Information Inequality in College Major Choice (job market paper)

I study disparities in college major choices across students from different socioeconomic backgrounds and analyze their implications for intergenerational income mobility. One potential explanation for these disparities is differential access to information about majors' academic content and personal fit. To explore the role of information frictions on major choices, I use administrative data from the centralized college application system in China. Consistent with the information inequality hypothesis, I document that students of low socioeconomic status (SES) are 21.6% (3.16 percentage points) more likely than their high-SES peers to choose majors that are familiar to them from their high school curricula. Further support for the information inequality hypothesis comes from a survey experiment in which high school students report their expectations about college majors and from information spillovers among high school classmates. To discuss the economic consequences, I calibrate a model of major choice and find that, because of information inequality, low-SES students face higher mismatch rates and lower future incomes than their high-SES peers. Counterfactual analyses indicate that information interventions and affirmative action policies can effectively narrow the income gap across socioeconomic backgrounds.

Heuristics in Self-Evaluation: Evidence from the Centralized College Admission System in China (joint with Hongbin Li)
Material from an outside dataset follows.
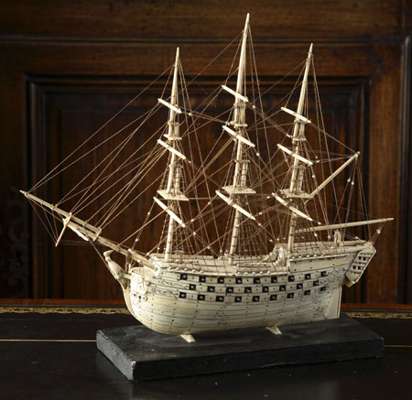 of Napoleonic Prisoner-of-War style, the three main masts with yards and booms, rear inscribed 'VICTORY', on a black painted plinth
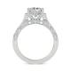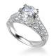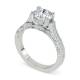 Detailed metalwork frames the round diamond in this vintage-inspired design. It has character and charm, something unique in a world of generic engagement rings. The band features matching details that create a unified design. This style appeals to those who want something with more personality. It brings old-fashioned craftsmanship to a wearable everyday ring. Explore all of our engagement rings.

Forthcoming, the Review of Economics and Statistics

Using administrative data on the Chinese National College Entrance Examination, we study how left-digit bias affects college applications. We find strong discontinuities in students' admission outcomes at 10-point thresholds. Students with scores just below multiples of 10 make more conservative college application choices that place them into less selective colleges and majors. In contrast, students who score at or just above multiples of 10 aim and achieve higher but are at greater risk of overshooting. The discontinuity reveals that, despite the educational and labor market consequences, students' self-evaluation based on exam scores is subject to information processing heuristics.

Family Spillover Effects of Marginal Diagnoses: The Case of ADHD (joint with Petra Persson and Maya Rossin-Slater)

Conditionally Accepted, the American Economic Journal: Applied Economics

The health care system uses patient family medical history in many settings, and this practice is widely believed to improve the efficiency of health care allocation. This paper provides a counterpoint by documenting that reliance on hereditary information can amplify the misallocation of low-value care. We study Attention Deficit Hyperactivity Disorder, and show that reliance on family medical history generates a "snowball effect"—the propagation of an original marginal diagnosis to a patient's relatives. This snowball effect raises the private and social costs of low-value care.


The Gender Gap in Small Business Performance: Evidence from a Food Ordering Platform (joint with Carol Lu)

Presented at the ASSA/AEA 2022 Annual Meeting

In this paper, we examine the gender gap in business performance among freelancers who sell home-cooked meals—a field traditionally perceived as female-typed and requiring complex business strategies. Using high-quality proprietary data from an online food ordering platform, we document a 12% gender gap in sellers' daily revenues. Factors highlighted in the existing literature such as working hours and experience narrow the gap by 63%. The remaining gap can be explained by male and female freelancers adopting different business strategies in pricing, positioning, and market expansion.

Firm Pricing Strategy and Consumer Dishonesty: Evidence from the Bike-Sharing Industry (joint with Guangyu Cao, Wei Dai, and Juanjuan Meng)

This paper investigates the impact of firm pricing strategy on consumer dishonesty in the context of bike-sharing. Using more than one million trip records from a bike-sharing company and shock from a free-riding campaign, we create a novel measure of cheating and construct a Regression Discontinuity model to find that bike-sharing users would submit more false reports of defective bikes to escape payments when facing a price hike. Heterogeneity analysis reveals that the increases in cheating behaviors after a price surge are more conspicuous for male and non-student users and concerns about their social images during the daytime hours could mitigate motives to cheat. We also find suggestive evidence that consumers exhibit a reciprocal relationship with the bike-sharing company.